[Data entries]
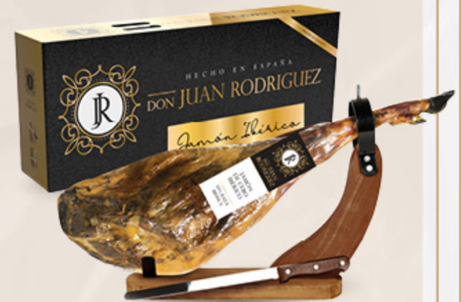
JAMON DE CEBO PATANEGRA CONFEZIONE REGALO 7.5KG
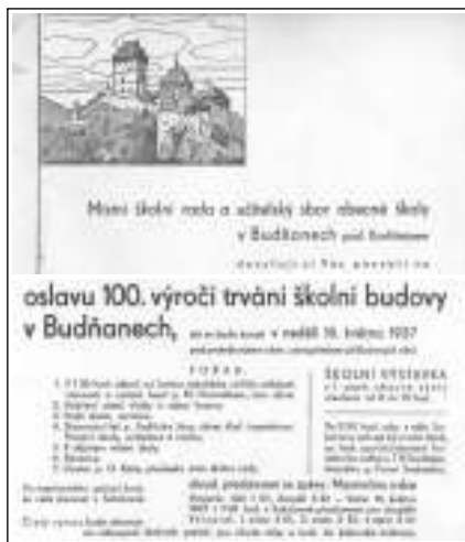
STO LET. Pozvánka na 100. výročí školy v Budňanech.

1807 jsou Katalogy ve školním archivu uloženy. Školní obec tvořily obce Budňany, Poučnick, Klučice, Přední Třebaň, Malá Mořina, Velká Mořina
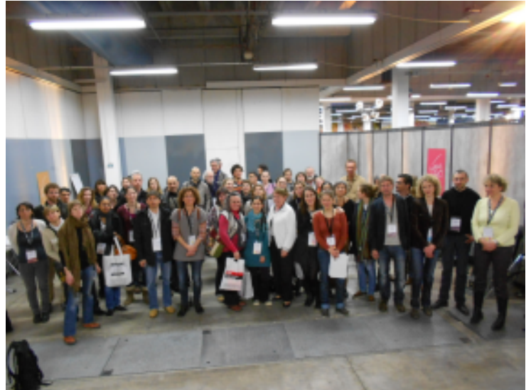
Assises nationales de l'EEDD 2013 - Atelier "rebond des territoires" PACA.

Plus d'informations sur www.assises-eedd.org Pour consulter le compte-rendu des rebonds en territoire, contactez le GRAINE PACA : gpaca@grainepaca.org
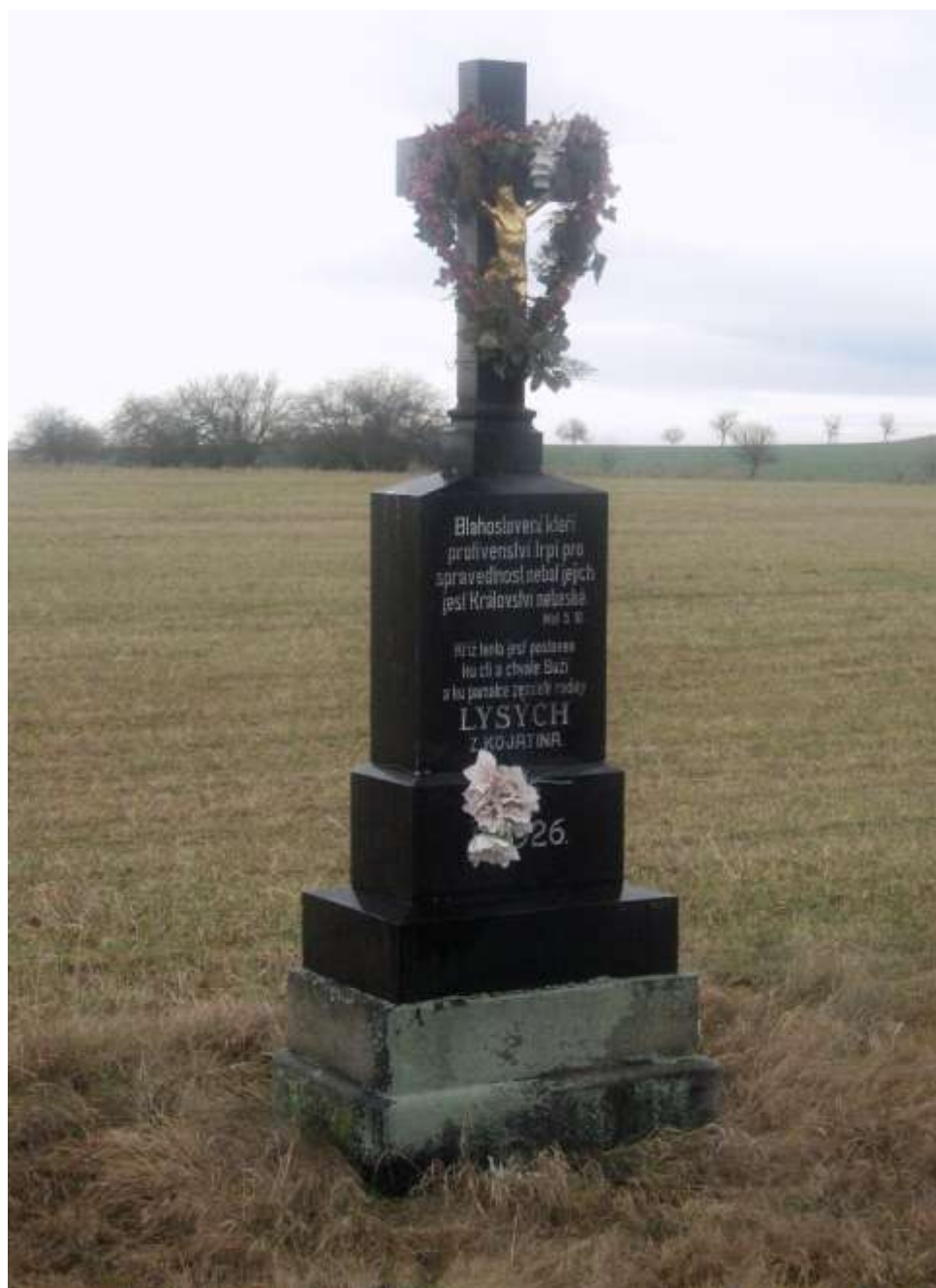
Kříž Lysých, za Kojatínem, směrem na Pozďatín
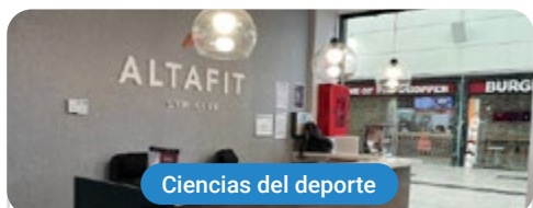
Ciencias del deporte

Capacitaciones prácticas relacionadas: -Monitor de Gimnasio
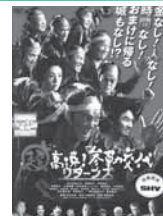
超高速! 参勤交代リターンズ

• WHAT IS REQUIRED: Look above for the line with "Assises nationales de" and the line with "Ciencias del deporte", then restate exactly those two lines and all lines between them, with no pictures.

• WRITTEN REPLY:
Assises nationales de l'EEDD 2013 - Atelier "rebond des territoires" PACA.

Plus d'informations sur www.assises-eedd.org Pour consulter le compte-rendu des rebonds en territoire, contactez le GRAINE PACA : gpaca@grainepaca.org
Kříž Lysých, za Kojatínem, směrem na Pozďatín
Ciencias del deporte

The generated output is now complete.